An overnight from Matagorda to Galveston should be no problem. We did the run from Port A to Galveston in about 30 hours.

The unlit rigs are definitely out there - and there are quite a few of them. For the most part, the charts seems to do a good job point out the rigs - but I trusted the radar we had much more than the charts during those dark nights.

Only having two on watch...all night long...while squinting in the darkness for dark steel will be a very long night. If you can work out a schedule to minimize that darkness...do it. AND use the moon as much as you can.

It's a great run. Just make sure to stay alert.


----------



## ThirdCoastSailor (Mar 27, 2010)

I think most of the well heads are between Freeport and Matagorda so I would try to do that stretch in daylight. Probably means leaving Galveston at night.

Make sure you're monitoring channel 16. I've come across a tug pulling a drilling rig out there and he was regularly on the radio trying to keep boats from cutting between the tug and the tow.

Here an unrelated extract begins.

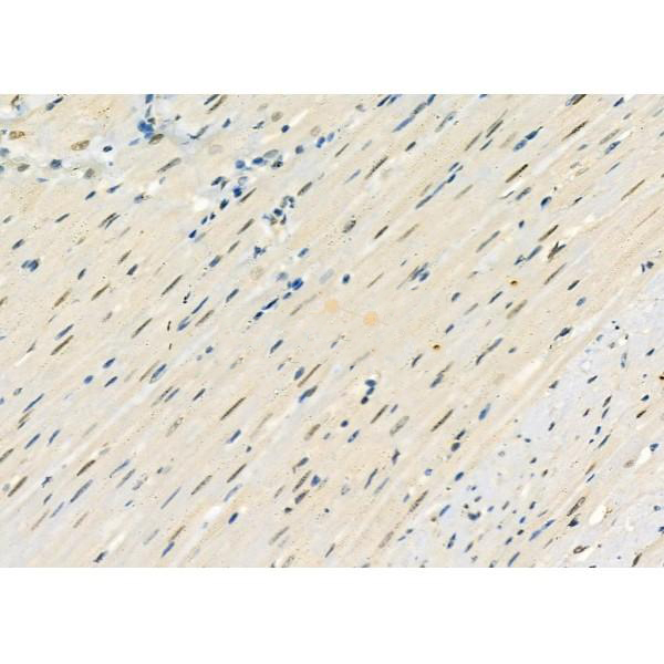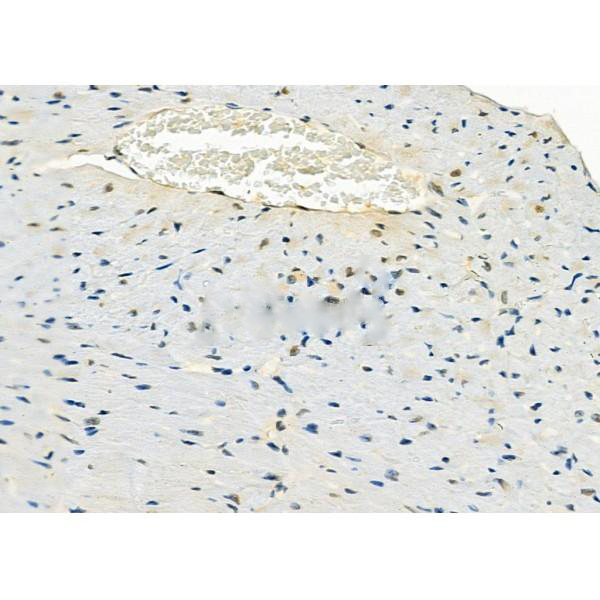 ab14351 at 1/100 staining Mouse heart tissue by IHC-P. The sample was formaldehyde fixed and a heat mediated antigen retrieval step in citrate buffer was performed. The sample was then blocked and incubated with the primary antibody at 4°C overnight. An HRP conjugated anti-Rabbit antibody was used as the secondary antibody....

Hope you have good weather.


----------



## CaseyB (Nov 12, 2012)

Thanks Smackdaddy for the links and advice. I am "The Friend".

We are looking at the weekend of the 28th and watching the weather patterns. The boat is ready as twobitdad and myself have spent some time getting her fit.

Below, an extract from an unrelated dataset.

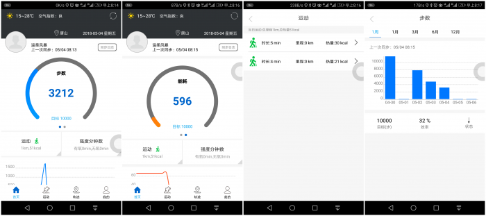 在“首页”页面可以查看天气信息、同步日志、运动步数和目标值、能耗值和目标值、运动强度、分时运动步数曲线,以及运动记录和周月年的步数统计图等。

twobitdad has since added radar to the boat and we have agreed that two daytime legs (freeport stop to refresh) is a wiser choice for the time being. We will have some night ops at the end of each of these legs but are both looking forward to the trip. All is pending a positive weather window.

Thanks Again

Casey


----------



## smackdaddy (Aug 13, 2008)

CaseyB said:


> Thanks Smackdaddy for the links and advice. I am "The Friend".
> 
> We are looking at the weekend of the 28th and watching the weather patterns. The boat is ready as twobitdad and myself have spent some time getting her fit.
> 
> ...


Casey - sounds like a smart move breaking the trip up a bit. And give twobit a fistbump on the radar. That definitely helps.

You guys will have a great time. Take pics and bring back a great story! Oh, and make sure to troll a dolphin rig behind you - especially where you see the green/blue line in the water. Great fishing!


----------



## CaseyB (Nov 12, 2012)

smackdaddy said:


> Casey - sounds like a smart move breaking the trip up a bit. And give twobit a fistbump on the radar. That definitely helps.
> 
> You guys will have a great time. Take pics and bring back a great story! Oh, and make sure to troll a dolphin rig behind you - especially where you see the green/blue line in the water. Great fishing!


HaHa yeah we are looking forward to the trip. Leaving a couple wives behind while we sail isn't really a bad idea, since its probably to cold for them anyway *cough* - twobit has the gopro ready, we will bring the story back to share with those of like mind. It promises to be a fun trip.

Casey


----------